◆ Available data:

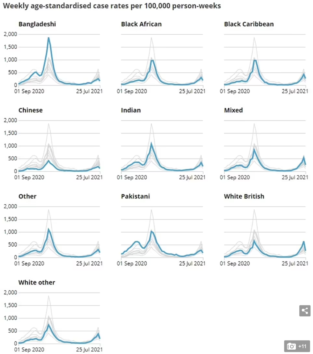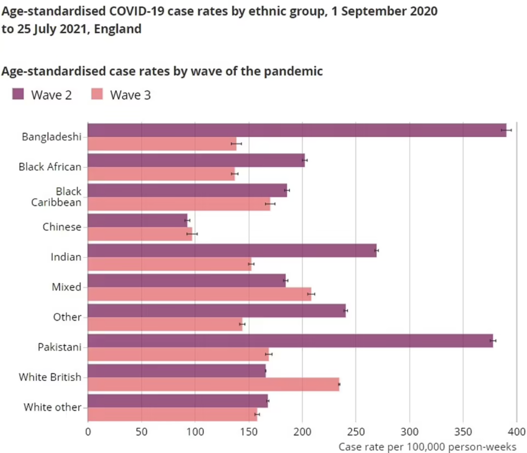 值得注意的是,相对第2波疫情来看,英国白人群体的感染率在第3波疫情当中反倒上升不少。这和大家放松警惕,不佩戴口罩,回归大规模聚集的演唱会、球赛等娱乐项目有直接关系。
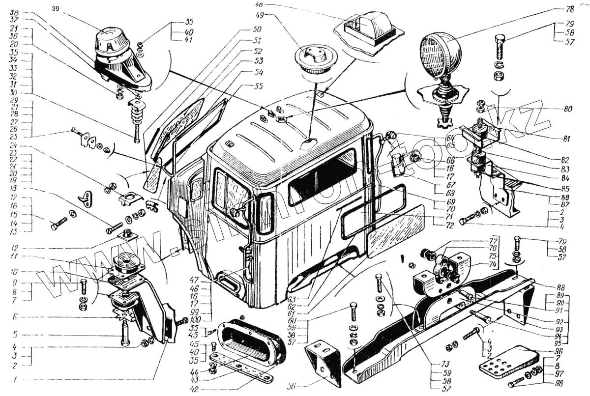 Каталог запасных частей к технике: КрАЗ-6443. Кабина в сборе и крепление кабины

* * *

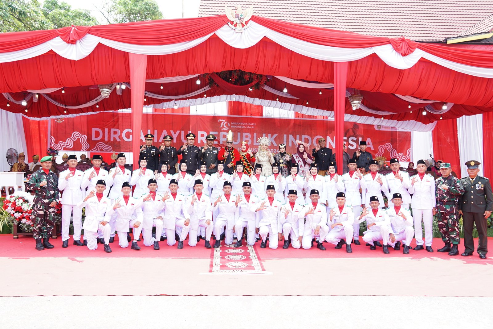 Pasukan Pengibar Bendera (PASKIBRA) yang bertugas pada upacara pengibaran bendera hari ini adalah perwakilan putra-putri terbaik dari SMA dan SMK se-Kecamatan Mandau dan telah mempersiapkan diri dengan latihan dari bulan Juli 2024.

◆ Work request:
With the pictures removed from your copy, retype the lines above from the one that contains "值得注意的是,相对第2波疫情" through the one that contains "Каталог запасных частей", exactly.

◆ Task result:
 值得注意的是,相对第2波疫情来看,英国白人群体的感染率在第3波疫情当中反倒上升不少。这和大家放松警惕,不佩戴口罩,回归大规模聚集的演唱会、球赛等娱乐项目有直接关系。
 Каталог запасных частей к технике: КрАЗ-6443. Кабина в сборе и крепление кабины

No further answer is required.